Ketua Bidang Hukum, Pertahanan, dan Keamanan PB HMI, Rifyan Ridwan Saleh, melalui pernyataan resmi, meminta Ketua Komisi III DPR RI, Habiburokhman, untuk menindaklanjuti kasus yang dinilai mencoreng institusi kepolisian tersebut.
“Saya meminta Ketua Komisi III DPR RI memberikan atensi khusus kepada kader HMI yang menjadi korban tindakan brutal oknum anggota Polri di Mamuju. Ini mencederai citra aparat penegak hukum,” tegas Rifyan, dalam unggahan di akun resmi Instagram Bidang Kumhankam PB HMI, Minggu (5/1/2025).
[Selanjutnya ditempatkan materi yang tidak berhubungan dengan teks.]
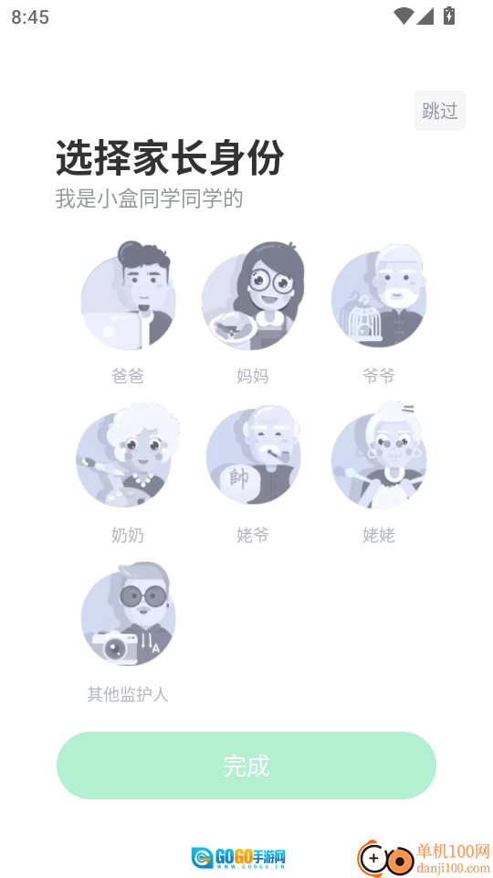 用户能够挑选对应的家长身份进入软件,也可以选择直接跳过。

Korban pengeroyokan, Ramli, kini dirawat intensif di RSUD Mamuju akibat luka berat yang dialaminya. Bahkan, menurut informasi terbaru, korban harus menjalani operasi karena kondisinya yang kritis.
“Ramli hampir tewas akibat pengeroyokan oleh puluhan oknum polisi. Ini bukan kali pertama kader HMI mengalami kekerasan fisik. Sudah cukup, lawan!” lanjut Rifyan dengan nada geram.
Rifyan juga mengingatkan bahwa tindakan pengeroyokan tersebut melanggar Pasal 170 KUHP, yang mengatur hukuman penjara 5 hingga 12 tahun bagi pelaku. Selain itu, pelaku juga dapat dijerat Pasal 262 KUHP dengan ancaman denda hingga Rp500 juta.
“PB HMI tidak akan tinggal diam. Kami akan terus mendorong kasus ini hingga tuntas. Jangan sampai hukum menjadi tajam ke bawah, tumpul ke atas,” tutupnya.